## Required action
If pictures appear among the lines below, leave them out while you return exactly the lines from the one with "ホームページQRコード" through the one with "Vue de détail : le lys (tympan).".

**** Data extract ****

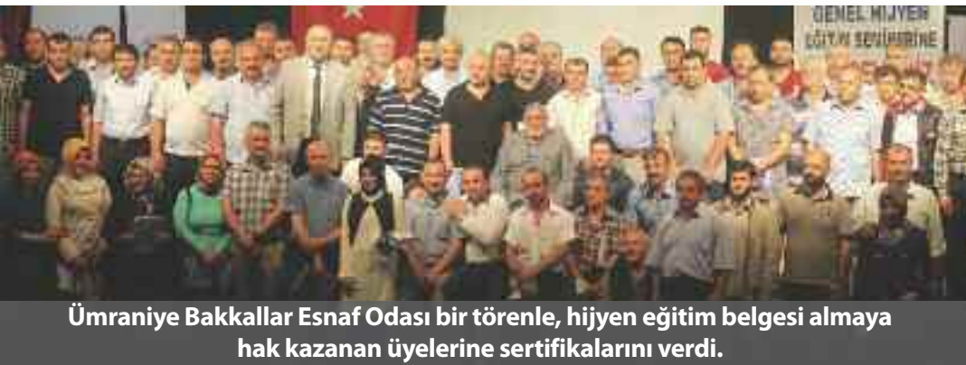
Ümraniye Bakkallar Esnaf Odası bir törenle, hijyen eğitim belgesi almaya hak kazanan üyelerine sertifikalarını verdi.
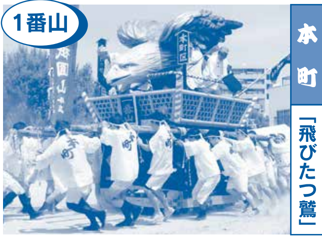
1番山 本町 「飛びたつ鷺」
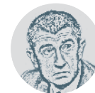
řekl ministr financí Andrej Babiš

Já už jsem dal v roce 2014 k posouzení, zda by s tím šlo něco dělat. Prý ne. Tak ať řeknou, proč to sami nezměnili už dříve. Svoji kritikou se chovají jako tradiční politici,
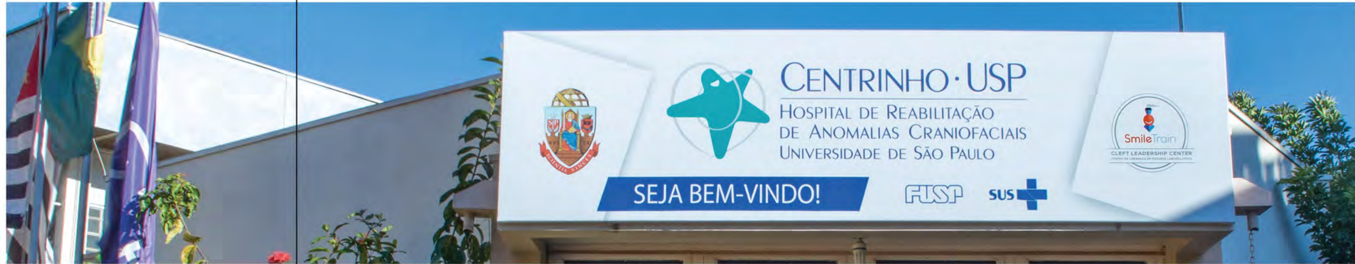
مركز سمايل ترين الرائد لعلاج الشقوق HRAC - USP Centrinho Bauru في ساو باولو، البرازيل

****
**** Data extract ****

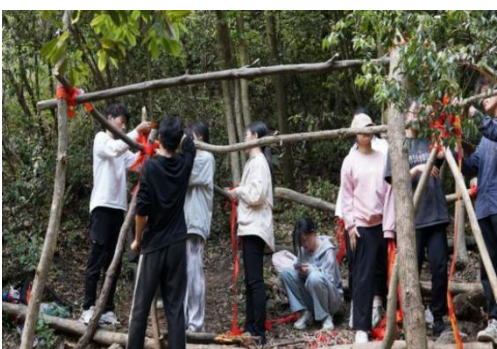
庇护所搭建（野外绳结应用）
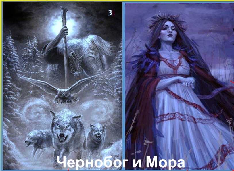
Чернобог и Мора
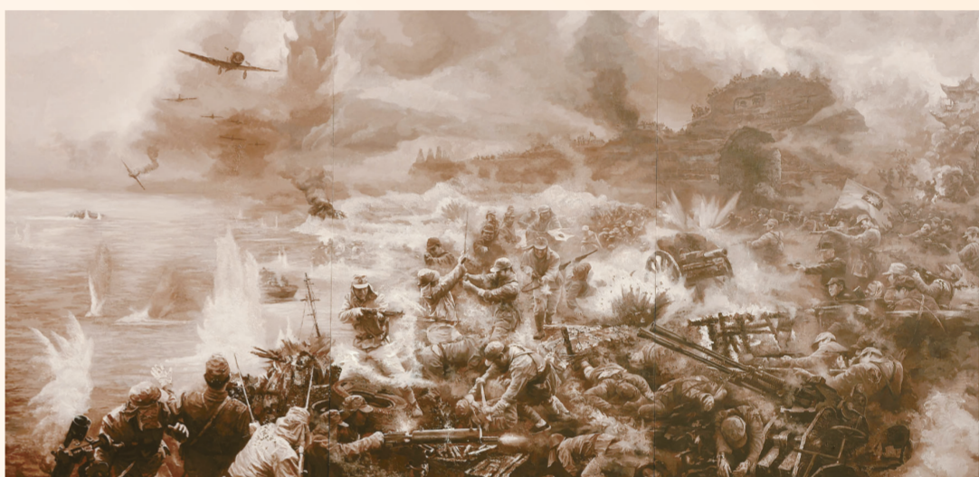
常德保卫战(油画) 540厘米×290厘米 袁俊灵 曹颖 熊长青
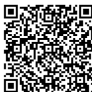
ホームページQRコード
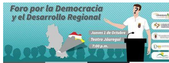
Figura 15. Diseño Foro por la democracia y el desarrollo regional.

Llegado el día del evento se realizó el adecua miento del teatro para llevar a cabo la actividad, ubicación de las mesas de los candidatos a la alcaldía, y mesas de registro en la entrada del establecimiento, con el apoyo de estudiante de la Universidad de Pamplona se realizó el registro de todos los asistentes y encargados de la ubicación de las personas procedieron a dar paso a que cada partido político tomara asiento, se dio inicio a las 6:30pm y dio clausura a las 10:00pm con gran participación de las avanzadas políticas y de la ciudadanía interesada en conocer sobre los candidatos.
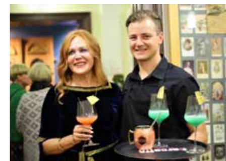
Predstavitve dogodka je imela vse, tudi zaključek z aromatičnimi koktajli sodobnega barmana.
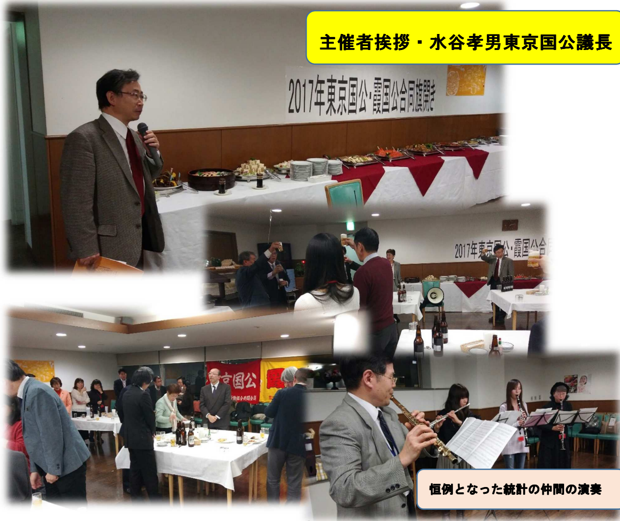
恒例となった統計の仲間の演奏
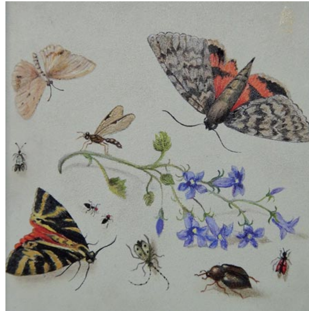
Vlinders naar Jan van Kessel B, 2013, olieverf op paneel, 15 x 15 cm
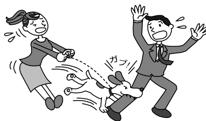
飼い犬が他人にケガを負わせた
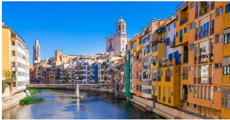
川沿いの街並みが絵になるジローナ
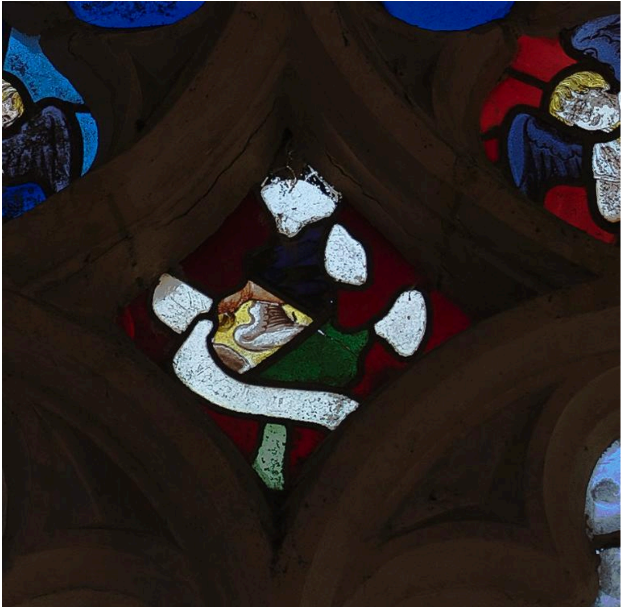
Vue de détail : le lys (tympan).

****

## Result of this task
ホームページQRコード
Figura 15. Diseño Foro por la democracia y el desarrollo regional.

Llegado el día del evento se realizó el adecua miento del teatro para llevar a cabo la actividad, ubicación de las mesas de los candidatos a la alcaldía, y mesas de registro en la entrada del establecimiento, con el apoyo de estudiante de la Universidad de Pamplona se realizó el registro de todos los asistentes y encargados de la ubicación de las personas procedieron a dar paso a que cada partido político tomara asiento, se dio inicio a las 6:30pm y dio clausura a las 10:00pm con gran participación de las avanzadas políticas y de la ciudadanía interesada en conocer sobre los candidatos.
Predstavitve dogodka je imela vse, tudi zaključek z aromatičnimi koktajli sodobnega barmana.
恒例となった統計の仲間の演奏
Vlinders naar Jan van Kessel B, 2013, olieverf op paneel, 15 x 15 cm
飼い犬が他人にケガを負わせた
川沿いの街並みが絵になるジローナ
Vue de détail : le lys (tympan).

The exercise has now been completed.